The coefficient in front (*a*) is just a normalization constant, ensuring all probabilities add up to one. It may not be a constant, actually: perhaps it just ensure our amplitude stays within some kind of *envelope*, as illustrated below.

As for the ω = E/ħ and **k = p**/ħ identities, these are the *de Broglie *equations for a *matter-wave*, which the young *Comte* jotted down as part of his 1924 PhD thesis. He was inspired by the fact that the E·t − **p**∙**x** factor is an *invariant *four-vector product (E·t − **p**∙**x** = p_{μ}x_{μ}) in relativity theory, and noted the striking similarity with the argument of any wave function in space and time (ω·t − **k** ∙**x**) and, hence, couldn’t resist equating both. Louis de Broglie was inspired, of course, by the solution to the blackbody radiation problem, which Max Planck and Einstein had convincingly solved by accepting that the ω = E/ħ equation holds for *photons*. As he wrote it:

“When I conceived the first basic ideas of wave mechanics in 1923–24, I was guided by the aim to perform a real physical synthesis, valid for all particles, of the coexistence of the wave and of the corpuscular aspects that Einstein had introduced for photons in his theory of light quanta in 1905.” (Louis de Broglie, quoted in Wikipedia)

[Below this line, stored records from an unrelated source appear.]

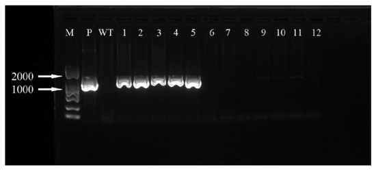 ‘Sorbonne’ PCR test results. M: marker; P: positive control; WT: non-transformed plants; 1–12: transformed plantlets.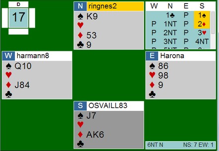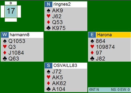 Jeg skal ikke ta med meldingsforløpet, men når nord åpnet var den så mange honnørpoeng i syd at det er vanskelig å stoppe under 6NT. Har du kommet i slem er det i alle fall ingen grunn til å ta sorgene på forhånd, men gyve løs på oppgaven.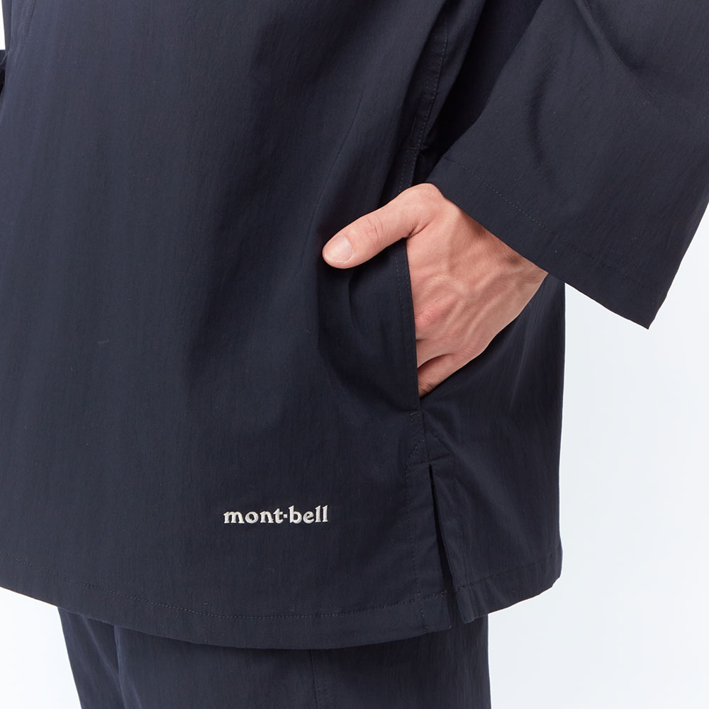 日本古来の「作務衣」にモンベル独自のアイデアと技術を投入して作り上げた機能的なウエアです。表地は耐摩耗性と速乾性に優れ、ストレッチ性を備えた素材を使用。裏地には起毛地を使用した暖かな仕様です。ストレッチ性とゆったりとしたシルエットにより動きやすく、作業着やリラックスウエアとして幅広く活躍します。

Looking back, you’d of course want the phase of a wavefunction to be some invariant quantity, and the examples we gave our previous post illustrate how one would expect energy and momentum to impact its temporal and spatial frequency. But I am digressing. Let’s look at the second equation. However, before we move on, note that *minus *sign in the exponent of our wavefunction: *a·e*^{−i·θ}. The phase turns counter-clockwise. That’s just the way it is. I’ll come back to this.

**[II]** The φ and χ symbols do *not **necessarily* represent base states. In fact, Feynman illustrates this law using a variety of examples including both *polarized* as well as *unpolarized *beams, or ‘filtered’ as well as ‘unfiltered’ states, as he calls it in the context of the Stern-Gerlach apparatuses he uses to explain what’s going on. Let me summarize his argument here.

I discussed the Stern-Gerlach experiment in my post on spin and angular momentum, but the Wikipedia article on it is very good too. The principle is illustrated below: a *in*homogeneous magnetic field – note the direction of the gradient **∇B** = (∂**B**/∂x, ∂**B**/∂y, ∂**B**/∂z) – will split a beam of spin-one particles into three beams. [Matter-particles with spin one are rather rare (Lithium-6 is an example), but *three* states (rather than two only, as we’d have when analyzing spin-1/2 particles, such as electrons or protons) allow for more *play *in the analysis. 🙂 In any case, the analysis is easily generalized.]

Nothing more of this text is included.